• _Instructions for the task_:
Reproduce the entries that follow exactly, dropping each image.
************
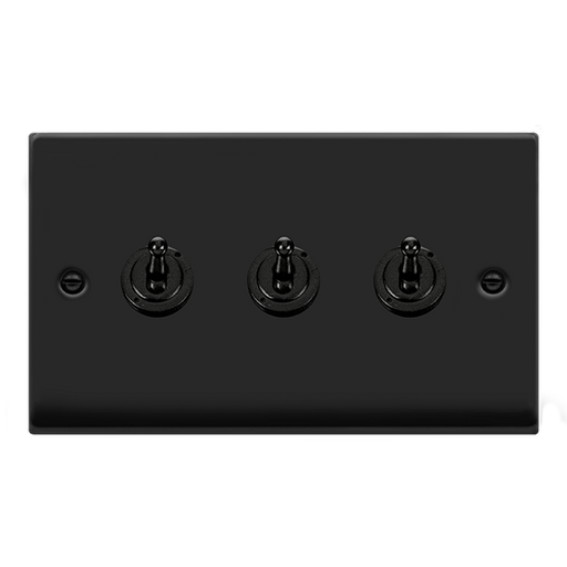 Click Deco VPMB423 Victorian 10AX 3-Gang 2-Way Toggle Plate Switch - Matt Black
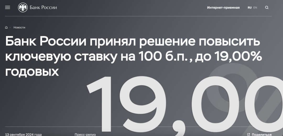 9月13日,俄罗斯央行宣布,加息100个基点,将基准利率上调至19.00%,市场预估为18.00%。
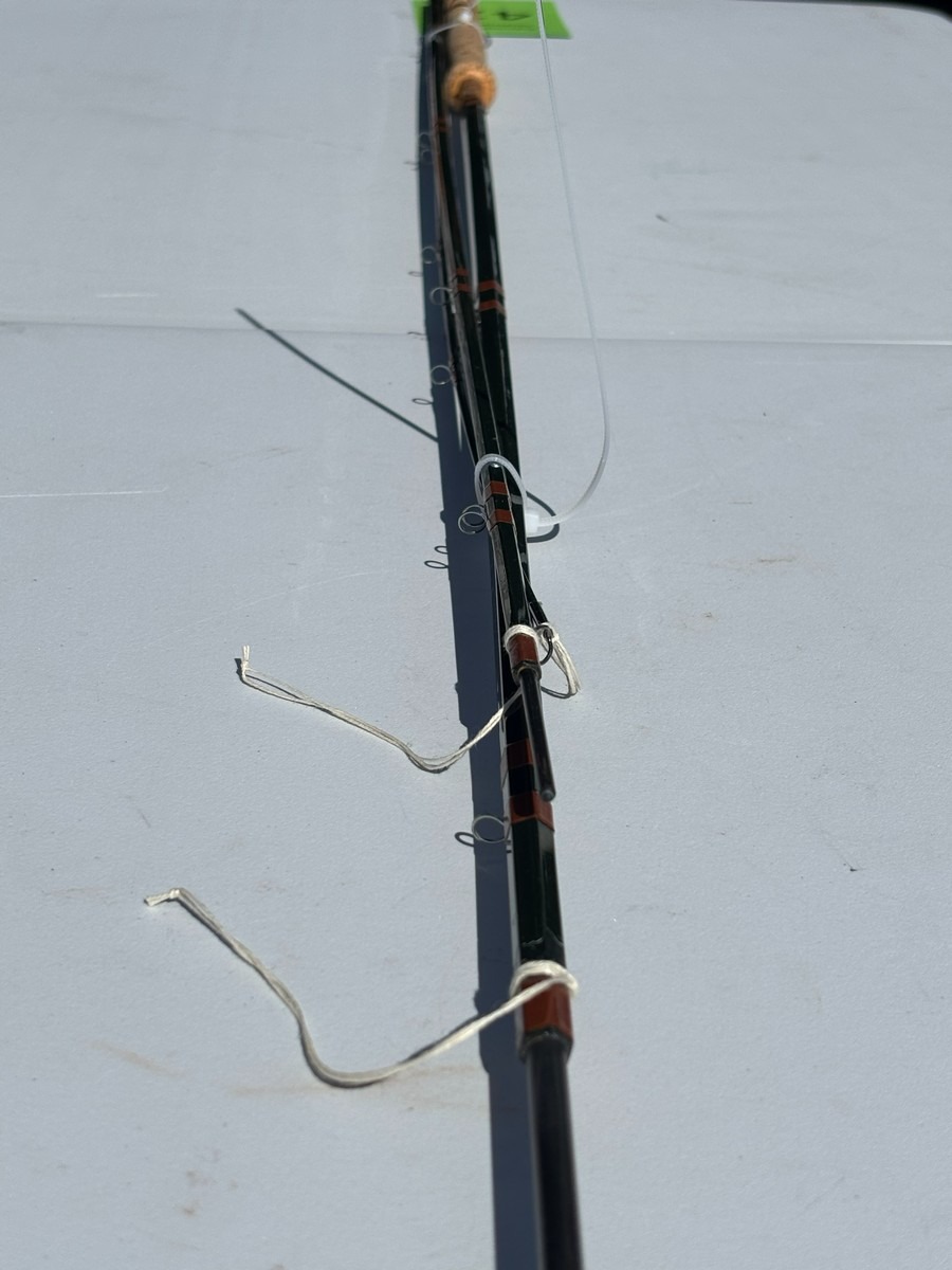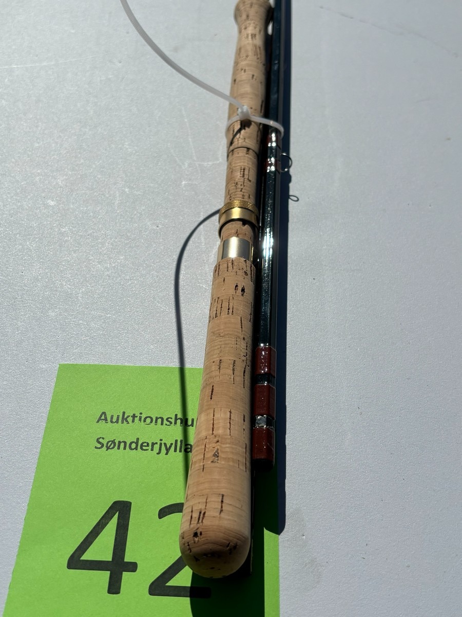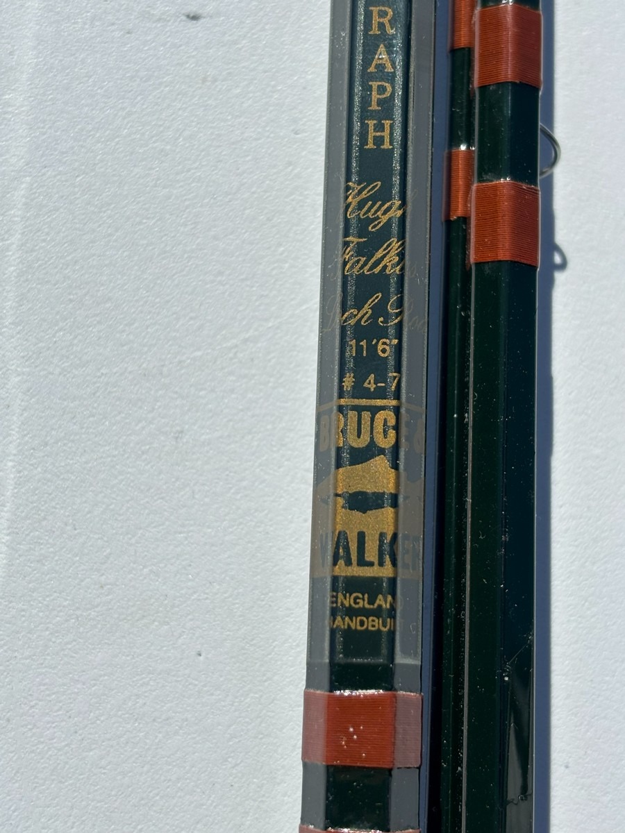 Stangen fremstår i mørk finish med karakteristiske rødbrune beviklinger, klassiske øjer samt korkhåndtag med tydelig, men pæn brugspatina. Original mærkning “Bruce & Walker – England – Handbuilt” er bevaret.
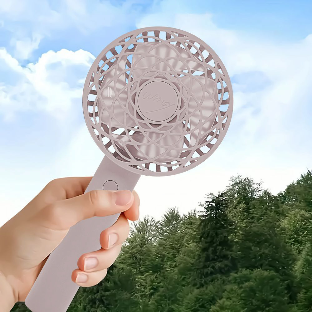 風量を4段階で調節できます。90度の自動回転&置くだけ充電台スタンド付(常時給電式)でハンディとしても、卓上でも使えます。連続使用時間は約8時間(弱風)。ファンガードを外して羽根のお手入れが可能なので清潔にお使いいただけます。
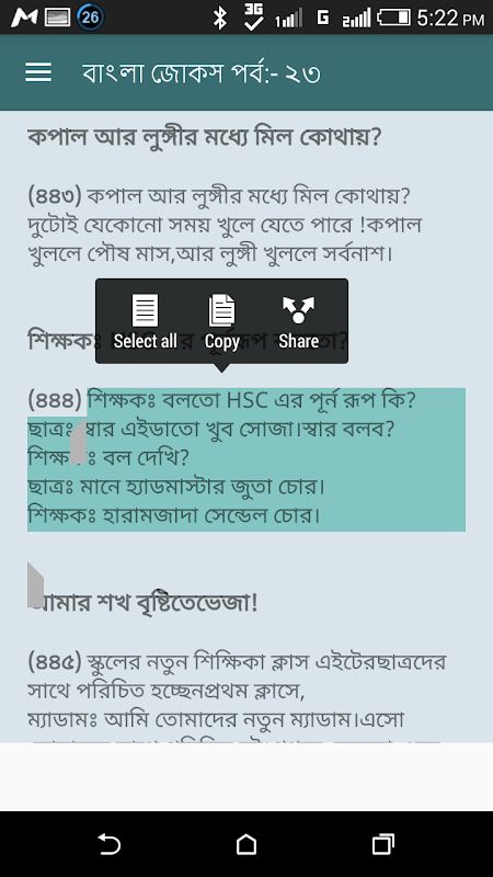 প্রতিটি জোকস প্রেস করে ধরে কপি করে যে কোন জায়গায় পেস্ট করতে পারবেন কোন রকম ঝামেলা ছাড়া।
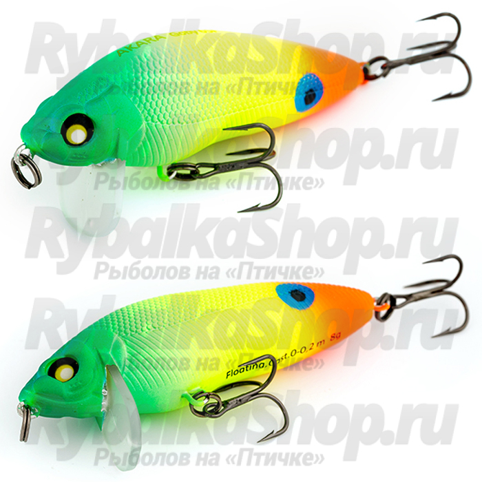 Воблер Akara Goby 65F – подповерхностный воблер с ярко выраженной размашистой игрой. Благодаря минимальному заглублению (0 – 0,2м) позволяет облавливать заросшие и закоряженные участки водоемов, мелководные заливы и перекаты. За счет компактной формы имеет отличные полетные качества. Незаменим при ловле щуки и окуня в жаркие летние дни и при малой активности рыбы. Воблер Akara Goby 65F плавающий (Floating) , сильно шумящий. Оснащен двумя тройниками из высокоуглеродистой стали. Заглубление при троллинге 0 до 0,2 м.
************
• _Result_:
 Click Deco VPMB423 Victorian 10AX 3-Gang 2-Way Toggle Plate Switch - Matt Black
 9月13日,俄罗斯央行宣布,加息100个基点,将基准利率上调至19.00%,市场预估为18.00%。
 Stangen fremstår i mørk finish med karakteristiske rødbrune beviklinger, klassiske øjer samt korkhåndtag med tydelig, men pæn brugspatina. Original mærkning “Bruce & Walker – England – Handbuilt” er bevaret.
 風量を4段階で調節できます。90度の自動回転&置くだけ充電台スタンド付(常時給電式)でハンディとしても、卓上でも使えます。連続使用時間は約8時間(弱風)。ファンガードを外して羽根のお手入れが可能なので清潔にお使いいただけます。
 প্রতিটি জোকস প্রেস করে ধরে কপি করে যে কোন জায়গায় পেস্ট করতে পারবেন কোন রকম ঝামেলা ছাড়া।
 Воблер Akara Goby 65F – подповерхностный воблер с ярко выраженной размашистой игрой. Благодаря минимальному заглублению (0 – 0,2м) позволяет облавливать заросшие и закоряженные участки водоемов, мелководные заливы и перекаты. За счет компактной формы имеет отличные полетные качества. Незаменим при ловле щуки и окуня в жаркие летние дни и при малой активности рыбы. Воблер Akara Goby 65F плавающий (Floating) , сильно шумящий. Оснащен двумя тройниками из высокоуглеродистой стали. Заглубление при троллинге 0 до 0,2 м.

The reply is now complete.